Migrating Existing WordPress Assets to Amazon S3

May 22, 2015Ryan Burnette

I've been using the Amazon S3 and CloudFront WordPress plugin to keep WordPress assets in an S3 bucket and distributed by CloudFront. At first it was an experiment but it quickly became clear that it was a superior way to deal with WordPress assets.

I had been using Amazon S3 and CloudFront for a while before I noticed that it was produced by the folks at Delicious Brains. They're the makers of WP Migrate DB Pro, a fabulous plugin that saves me at least an hour or two per week migrating WordPress databases. If you haven't already. Check it out.

The Problem

I ran into a situation where I migrated an existing site over to using Amazon S3 and CloudFront for assets, but I had a lot of existing assets that I wanted to serve out of S3/CloudFront to get them off the web server.

Potential Solutions

I considered a few potential solutions.

First, I thought about rewriting the locations of the existing assets in the WordPress database. This is a legitimate way to go, but the site in question had a huge database and something told me I could think of a simpler way.

Next, I thought about using redirects.

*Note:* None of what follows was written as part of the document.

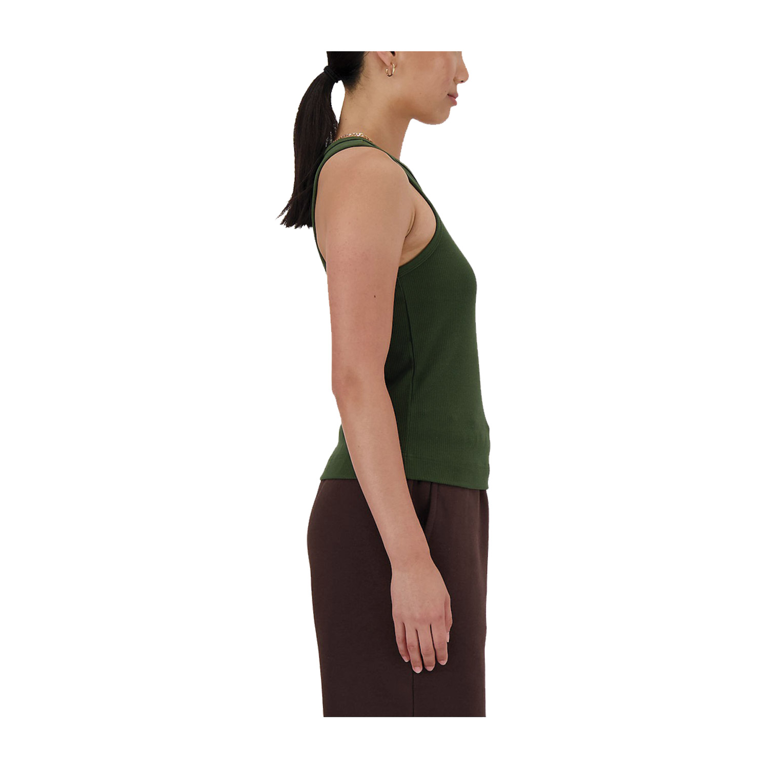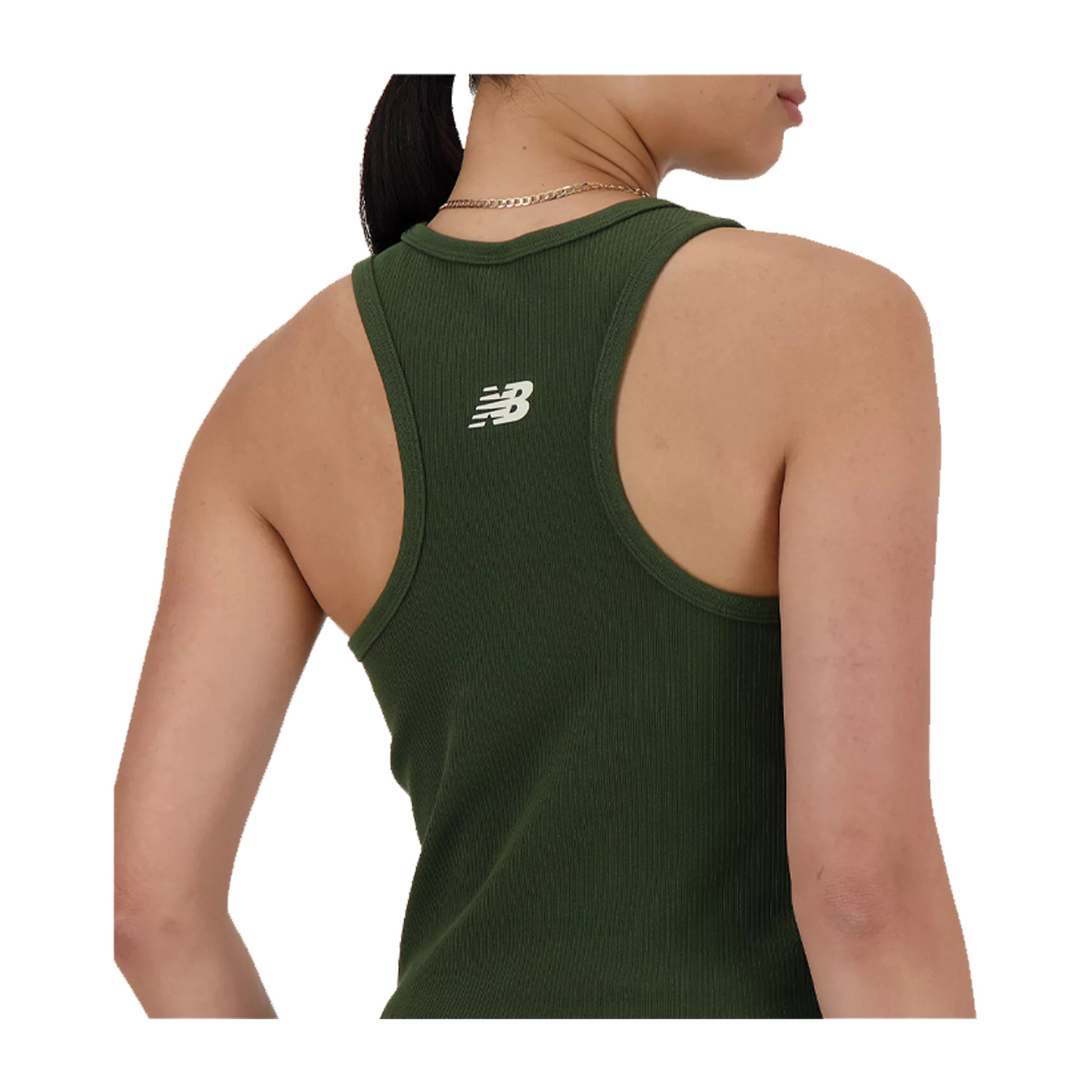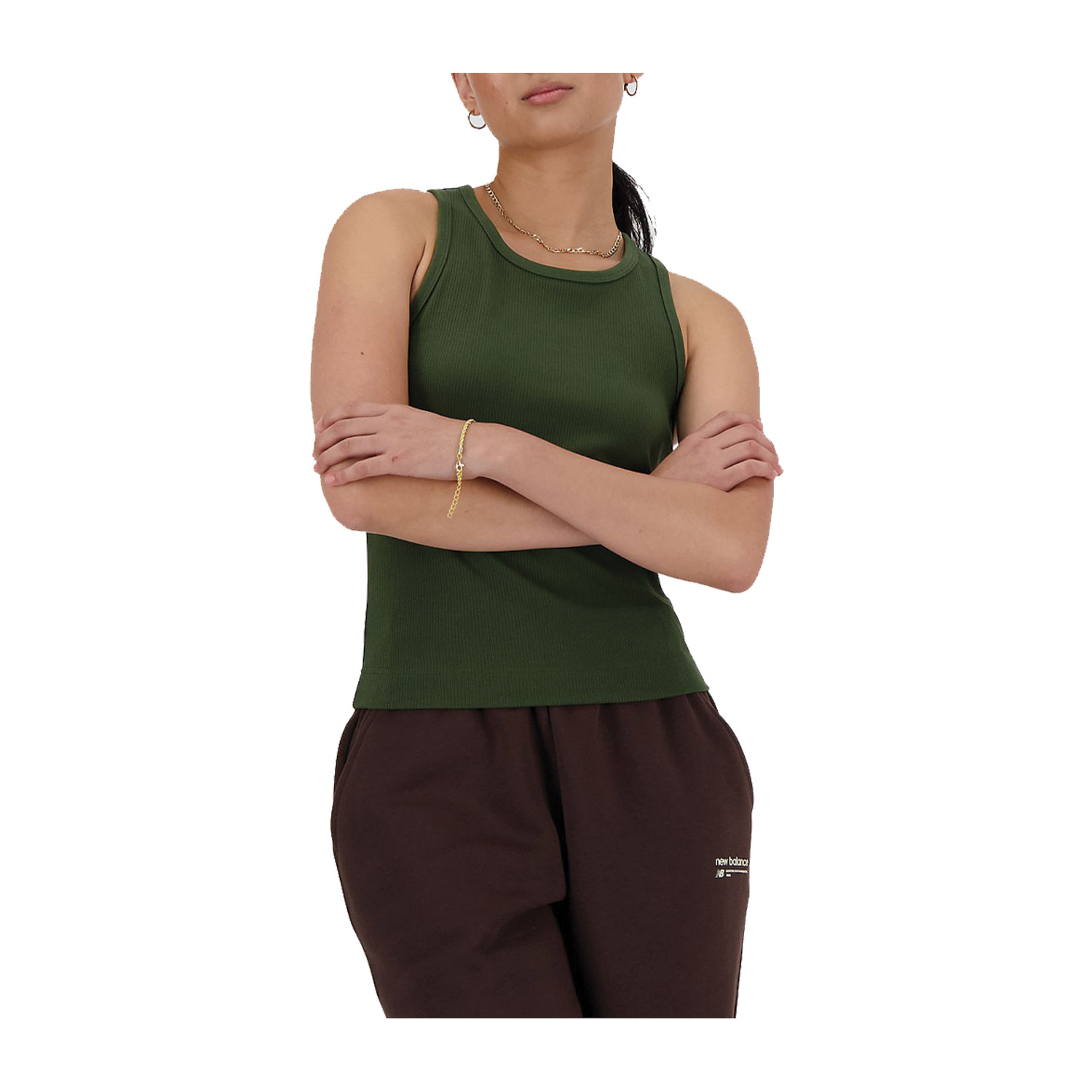New Balance γυναικεία αθλητική μπλούζα, σε χακί χρώμα, κατασκευασμένη από 90% βαμβάκι, 10% spandex.

On the downside, it would mean that each asset would still result in an HTTP request that would have to be responded to with some headers resulting in a 301 or 302 redirect, but it gave me a good way to reverse the action.

Another consideration I had was preexisting references to resources. There was a lot of traffic hitting the images' previous URLs and I needed to keep serving them. So it looked like either way the redirects would be necessary.

Lastly, I found out in this post that a solution to this problem would be available in the pro version, but I needed to take action now.

The Solution I Chose

I decided to go with the redirects. I could just as easily have done both the rewriting of locations and the redirects, but I felt that I could live with the extra redirects causing a bit of overhead in page loading. With the amount of traffic the site in question was getting, it was likely to still lead to a net gain in performance.

Getting the Assets Into S3

In this example a lot of assets are on the local web server and we're going to be syncing them over to an S3 bucket. the AWS Command Line Interface is perfect for getting this done. I found using pip to be the easiest way to get the CLI tools installed in my development environment. Installation instructions are available from the AWS documentation.

The web server I was working with was running Ubuntu 14.04.1 with the usual stack: Nginx, PHP5 and MySQL. The assets had been building up in the uploads directory since 2008 or so. There were over 20 gigabytes to upload. The most expeditious way to migrate the assets was to use the AWS Command Line Interface to move the assets right from the web server into the S3 bucket.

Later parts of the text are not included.